### Task item
From the line containing "aNezuko, long hair, black" through the last line of the listing, output each line exactly as it stands. Omit pictures.
══ Supplied material ══
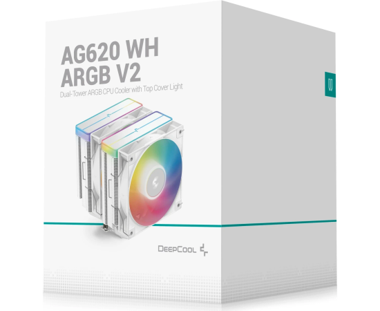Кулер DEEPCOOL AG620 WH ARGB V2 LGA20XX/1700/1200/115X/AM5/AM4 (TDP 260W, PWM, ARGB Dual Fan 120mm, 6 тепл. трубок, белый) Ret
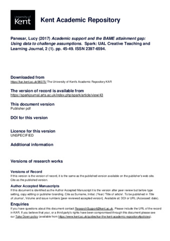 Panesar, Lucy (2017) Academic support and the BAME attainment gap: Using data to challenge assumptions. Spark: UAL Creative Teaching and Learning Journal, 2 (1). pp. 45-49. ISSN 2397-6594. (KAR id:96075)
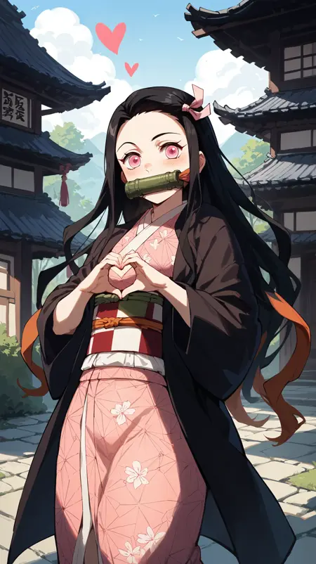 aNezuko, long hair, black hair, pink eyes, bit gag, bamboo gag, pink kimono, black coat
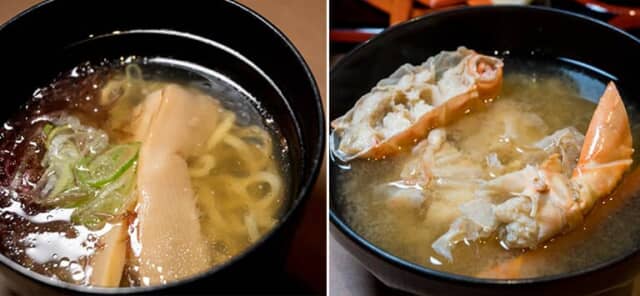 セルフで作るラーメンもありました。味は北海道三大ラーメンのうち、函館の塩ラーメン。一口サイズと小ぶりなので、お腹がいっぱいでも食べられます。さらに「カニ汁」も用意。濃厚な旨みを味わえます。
═══
### Exercise response
 aNezuko, long hair, black hair, pink eyes, bit gag, bamboo gag, pink kimono, black coat
 セルフで作るラーメンもありました。味は北海道三大ラーメンのうち、函館の塩ラーメン。一口サイズと小ぶりなので、お腹がいっぱいでも食べられます。さらに「カニ汁」も用意。濃厚な旨みを味わえます。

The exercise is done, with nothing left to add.